Fusée N1, de mauvais augure

Le 21 février 1969, à 9:18 GMT, les soviétiques lancent pour la première fois leur gigantesque fusée N1.

Mais très vite un incendie se déclare, le « cerveau » de la fusée détecte l’anomalie et commande l’arrêt de tous les moteurs.

68,7 secondes après la mise à feu la fusée se désintègre.

Les augures étaient mauvais dès le départ, en effet, lors du baptême de la fusée, la bouteille de champagne s’est brisée sur le véhicule de transport et non sur la fusée.

L’échec de ce lancement, annihile tous les espoirs soviétiques de battre les américains dans la course à la Lune.

Youri Gagarine, l’âpre sélection du premier cosmonaute

Au printemps 1959, l’Union Soviétique commence le recrutement de ses premiers cosmonautes.

Quelques trois mille candidatures seront enregistrées. A la fin de la première sélection, il n’en reste que 200, à l’issue de la seconde, plus que 20.

Pour le premier vol, on en retient 6, puis il n’en reste plus que 2 : Guerman Titov et Youri Gagarine.

Il semblerait que lors des tests, Titov était meilleur que Gagarine.

Mais alors pourquoi Gagarine ?

 – Nikita Khroutchev, le dirigeant de l’Union Soviétique, à qui revenait la décision finale, préférait voir dans l’espace, un fils de paysan plutôt qu’un fils d’instituteur… Idéologie communiste oblige !

– La veille du vol, les médecins donnèrent aux deux cosmonautes des médicaments devant provoquer des céphalées. Le lendemain, Titov affirma aux médecins que la nuit avait été parfaite et qu’il était en pleine forme. Gagarine, quant à lui, joua la transparence et avoua avoir eu mal à la tête…

Le test avait parfaitement fonctionné, les responsables qui désiraient avoir un cosmonaute fiable pendant le vol, c’est à dire capable de leur faire part de tout éventuel incident, l’avaient trouvé.

Voskhod 2, on a « marché » dans l’espace

Nous sommes le 18 mars 1965, la mission Voskhod 2 est lancée à  7:00 GMT avec à bord les cosmonautes Pavel Belyayev et Alexei Leonov.
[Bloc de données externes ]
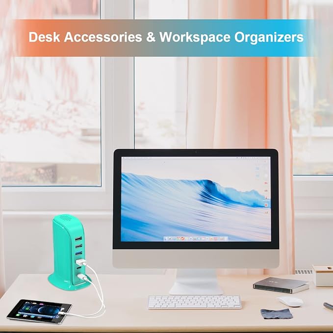 - Desktop cable management: Charging station 6 ports with 5 ft power cord; Compact, Lightweight, Space saving, Portable, Versatile, USB charging hub for 6 devices simultaneously.

Au cours de la deuxième orbite, Alexei Leonov effectue la première sortie, « marche dans l’espace », de l’histoire de l’humanité. 

Il passera 10 minutes hors de la capsule. Mais on a frôlé la catastrophe lorsque Leonov, « prisonnier » d’un scaphandre rigidifié par la différence de pression, ne peut plus plier son corps pour passer dans le sas Volga, lui-même pneumatique.

Leonov a dû dépressuriser sa combinaison (Berkout – Aigle d’or) pour réintégrer le vaisseau.

Echaudés, il faudra attendre 1969 pour que les soviétiques effectuent une deuxième et troisième EVA (simultanées), et décembre 1977, pour une quatrième sortie dans l’espace.